*Problem to solve:*
Pictures are to be left out. Return exactly the lines below from the one with "深启明星[2018]036号-启明星区域协调专员选拔结果公示" up to and including the one with "Zellige Hint of".

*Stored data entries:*
※ ※ ※
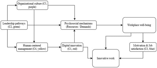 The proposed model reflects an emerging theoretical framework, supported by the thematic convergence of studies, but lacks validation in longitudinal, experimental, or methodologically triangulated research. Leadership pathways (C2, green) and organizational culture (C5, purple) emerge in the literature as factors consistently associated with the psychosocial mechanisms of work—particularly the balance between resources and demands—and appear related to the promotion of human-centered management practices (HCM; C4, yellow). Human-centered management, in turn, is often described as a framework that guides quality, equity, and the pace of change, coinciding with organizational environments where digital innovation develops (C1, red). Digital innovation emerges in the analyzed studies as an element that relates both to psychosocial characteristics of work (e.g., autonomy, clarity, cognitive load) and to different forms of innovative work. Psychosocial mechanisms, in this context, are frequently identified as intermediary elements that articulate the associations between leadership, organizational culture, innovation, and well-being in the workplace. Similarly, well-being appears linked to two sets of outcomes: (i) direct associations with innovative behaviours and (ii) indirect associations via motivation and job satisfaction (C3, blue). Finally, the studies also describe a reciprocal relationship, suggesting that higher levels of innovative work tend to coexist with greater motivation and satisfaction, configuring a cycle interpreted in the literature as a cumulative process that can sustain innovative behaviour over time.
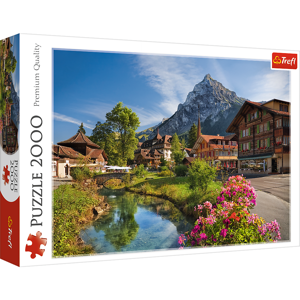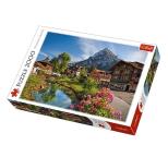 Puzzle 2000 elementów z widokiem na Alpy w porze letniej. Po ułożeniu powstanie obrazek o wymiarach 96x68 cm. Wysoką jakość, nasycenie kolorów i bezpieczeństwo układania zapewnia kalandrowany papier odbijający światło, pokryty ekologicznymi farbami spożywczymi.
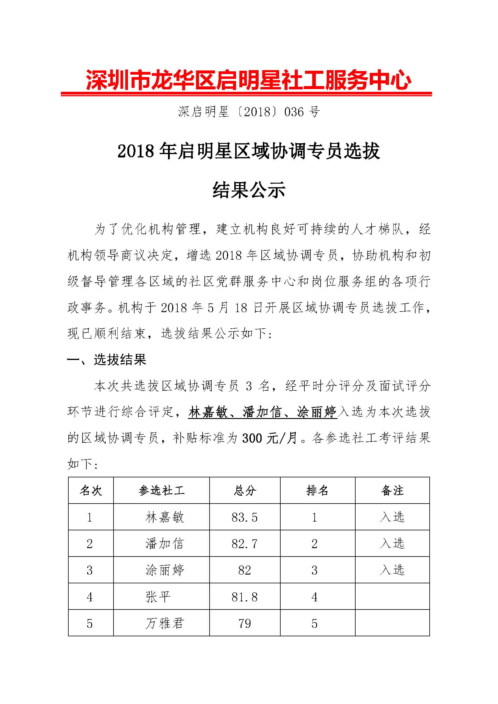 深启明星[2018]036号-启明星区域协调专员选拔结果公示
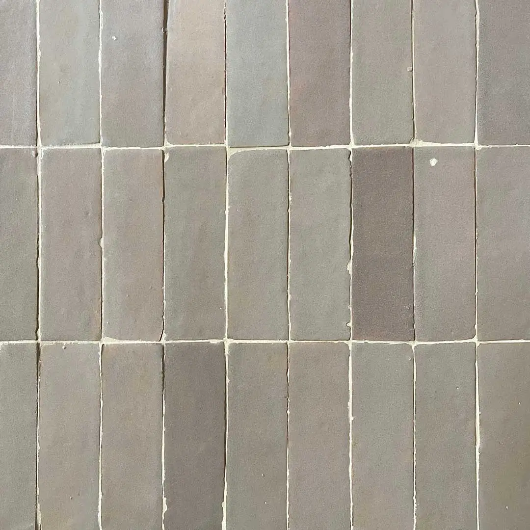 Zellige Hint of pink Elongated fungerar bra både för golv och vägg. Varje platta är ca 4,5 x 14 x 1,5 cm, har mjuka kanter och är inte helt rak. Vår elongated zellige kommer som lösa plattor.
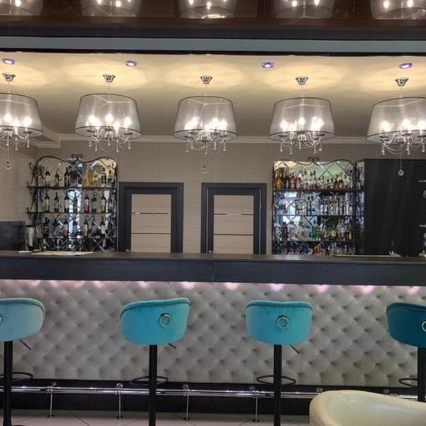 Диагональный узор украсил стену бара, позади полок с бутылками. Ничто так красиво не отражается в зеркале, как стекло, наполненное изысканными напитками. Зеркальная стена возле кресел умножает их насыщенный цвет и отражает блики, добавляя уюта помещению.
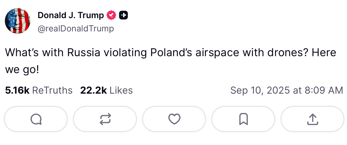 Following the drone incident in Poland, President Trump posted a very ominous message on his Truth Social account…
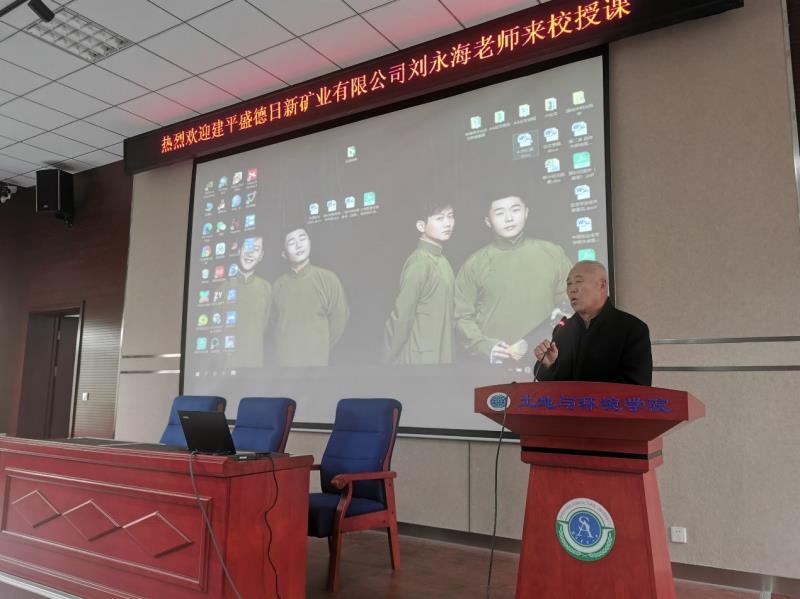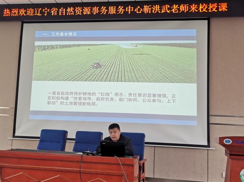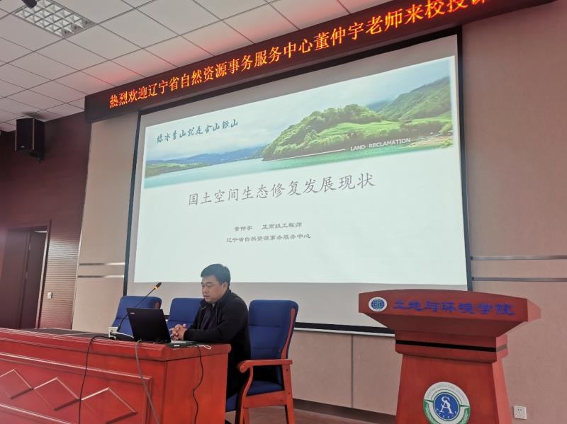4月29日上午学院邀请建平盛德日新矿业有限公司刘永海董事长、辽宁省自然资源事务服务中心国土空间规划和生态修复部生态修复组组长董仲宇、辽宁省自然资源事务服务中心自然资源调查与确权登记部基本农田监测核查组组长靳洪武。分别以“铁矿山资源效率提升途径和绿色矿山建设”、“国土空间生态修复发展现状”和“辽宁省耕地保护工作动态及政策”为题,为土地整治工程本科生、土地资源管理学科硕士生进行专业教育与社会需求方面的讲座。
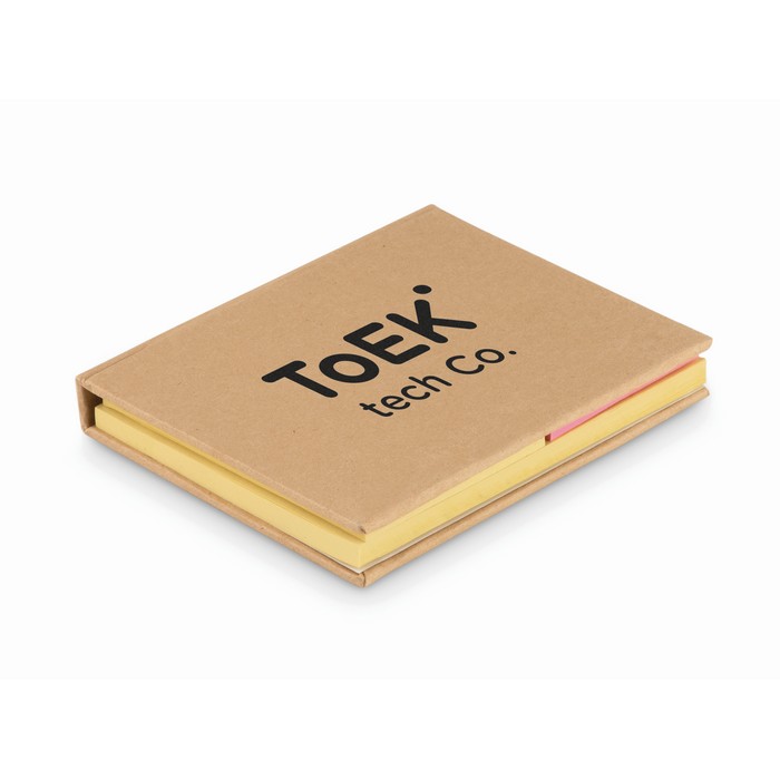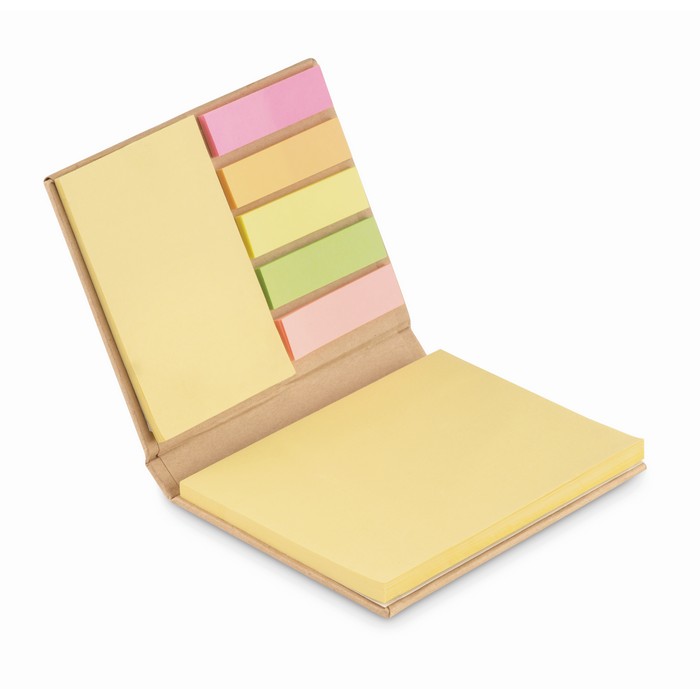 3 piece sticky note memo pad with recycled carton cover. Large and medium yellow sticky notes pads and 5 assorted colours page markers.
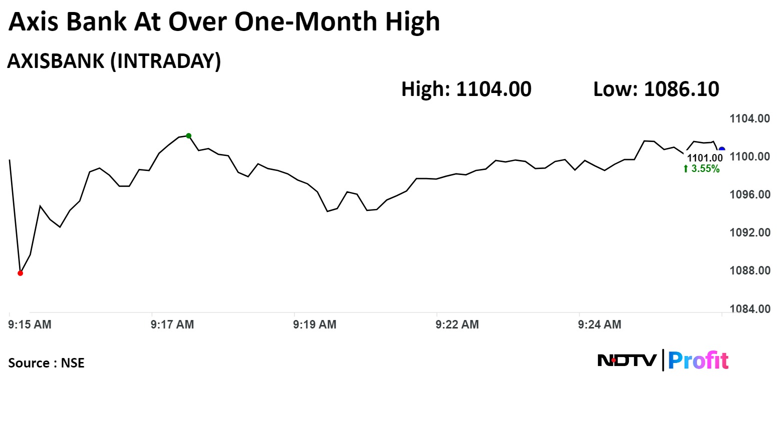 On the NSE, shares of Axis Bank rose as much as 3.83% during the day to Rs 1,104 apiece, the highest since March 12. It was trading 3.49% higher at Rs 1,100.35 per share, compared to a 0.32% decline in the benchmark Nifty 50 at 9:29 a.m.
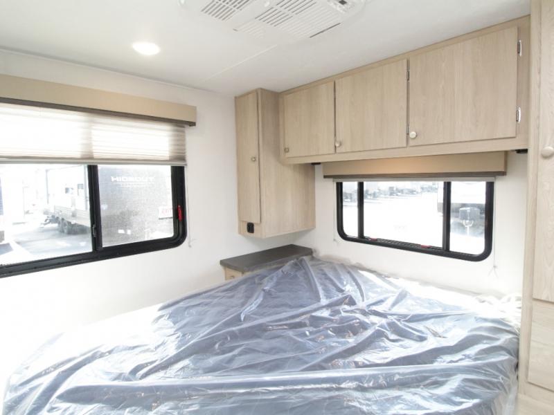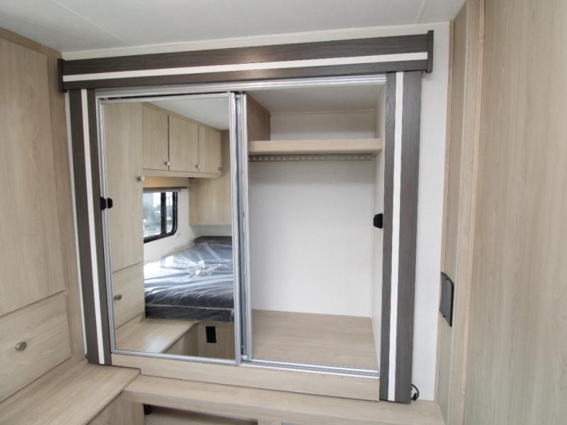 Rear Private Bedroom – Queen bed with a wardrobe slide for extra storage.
※ ※ ※
*Task result:*
 深启明星[2018]036号-启明星区域协调专员选拔结果公示
 Zellige Hint of pink Elongated fungerar bra både för golv och vägg. Varje platta är ca 4,5 x 14 x 1,5 cm, har mjuka kanter och är inte helt rak. Vår elongated zellige kommer som lösa plattor.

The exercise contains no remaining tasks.